DIRECTIONS: Output all of the data below without changing a word, and exclude the pictures.

┌─ DATA BELOW

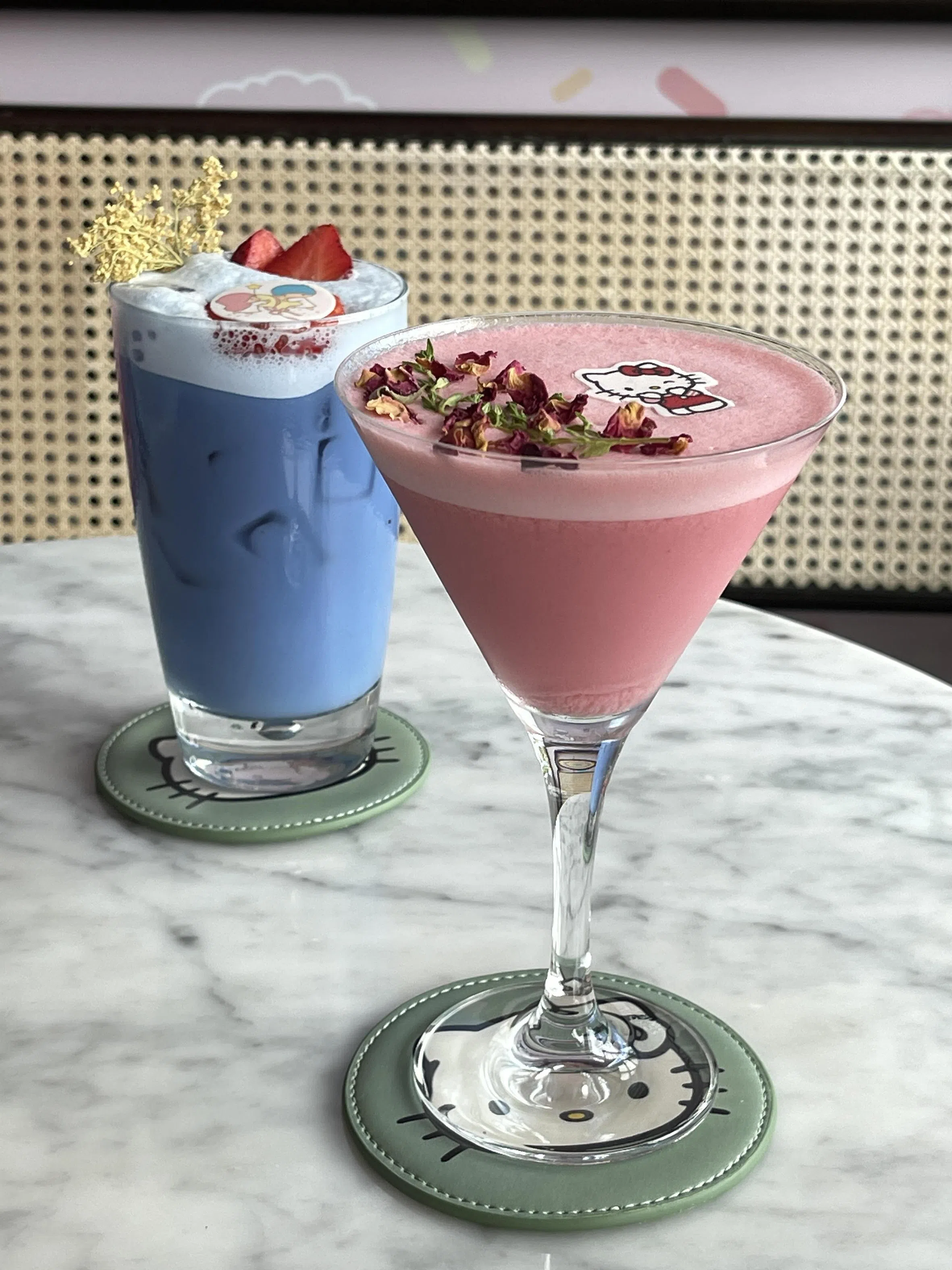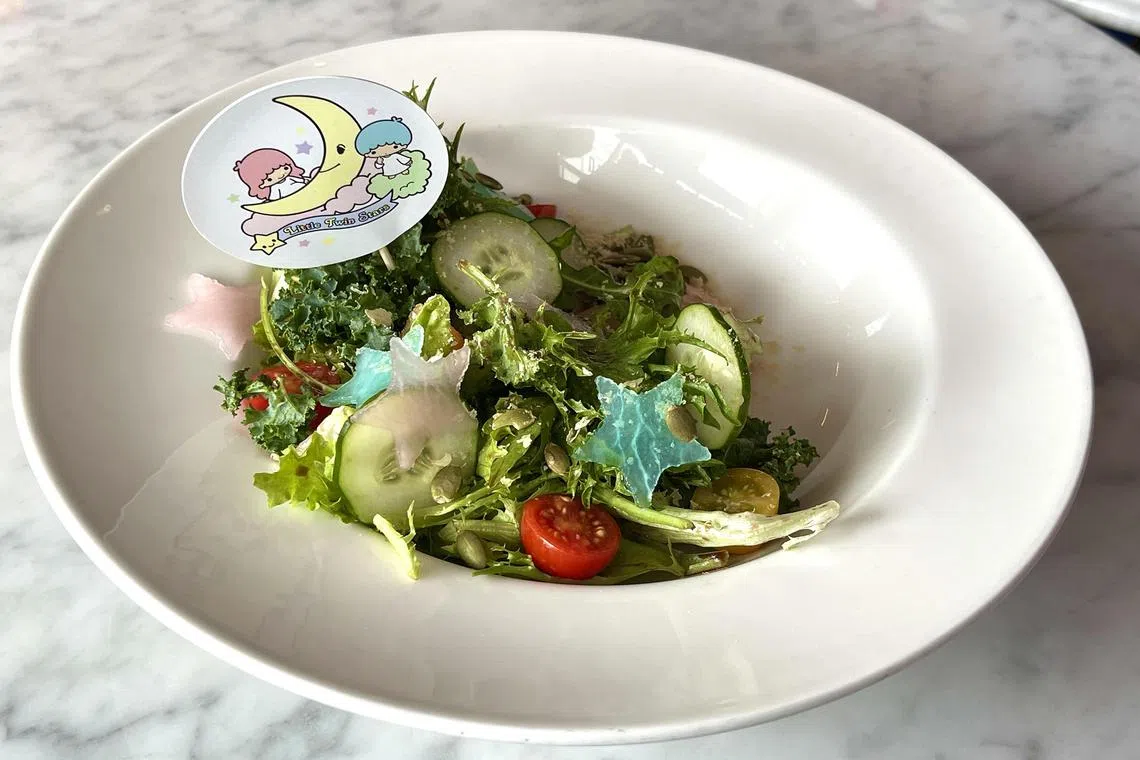 The cafe interior is decorated in pastel colours for its collaboration with Sanrio, the Japanese company which owns the rights to the bow-wearing white cat and other characters. There is also a photo wall outside the bistro for photo opportunities and a merchandise corner.
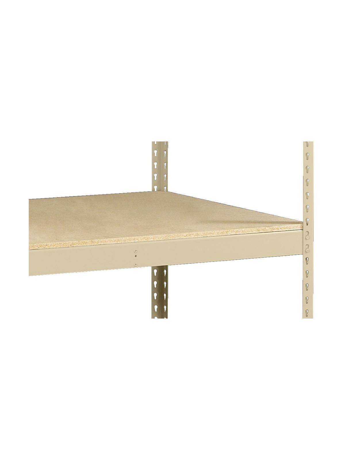 Built with double-rivet design and keyhole slots to form a rigid framework. Heavy 14 gauge steel posts and shelf supports deliver a system that stands up to rugged use. Assembles easily and quickly with only a rubber mallet. The rivet and keyhole design eliminates the need for clips, gussets, or sway braces and allows access to the shelves from all sides of the unit. Wide profile 2-3/4"H angle shelf supports handle loads from 1600-2250 lbs. per shelf, depending on shelf size. Shelves are supported on all 4 sides in addition to having front-to-back center supports. The units have 3 shelf levels (2 openings). Buy the unit with 5/8" particle board decking. Available in Sand or Medium Gray, specify in comments when ordering. FOB Shipping Point.
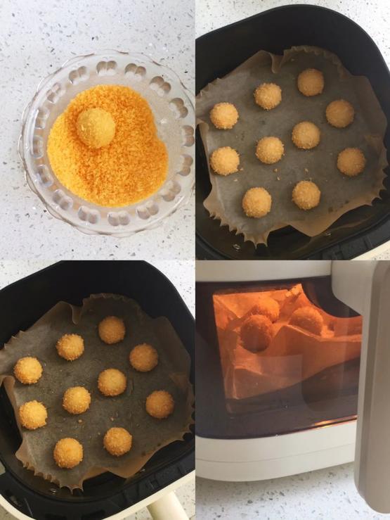 将汤圆煮熟裹上面包糠然后放进空气炸锅,你就能毫不费力地收获一枚外酥里糯的烤汤圆。

└─

ANSWER BOX:
 The cafe interior is decorated in pastel colours for its collaboration with Sanrio, the Japanese company which owns the rights to the bow-wearing white cat and other characters. There is also a photo wall outside the bistro for photo opportunities and a merchandise corner.
 Built with double-rivet design and keyhole slots to form a rigid framework. Heavy 14 gauge steel posts and shelf supports deliver a system that stands up to rugged use. Assembles easily and quickly with only a rubber mallet. The rivet and keyhole design eliminates the need for clips, gussets, or sway braces and allows access to the shelves from all sides of the unit. Wide profile 2-3/4"H angle shelf supports handle loads from 1600-2250 lbs. per shelf, depending on shelf size. Shelves are supported on all 4 sides in addition to having front-to-back center supports. The units have 3 shelf levels (2 openings). Buy the unit with 5/8" particle board decking. Available in Sand or Medium Gray, specify in comments when ordering. FOB Shipping Point.
 将汤圆煮熟裹上面包糠然后放进空气炸锅,你就能毫不费力地收获一枚外酥里糯的烤汤圆。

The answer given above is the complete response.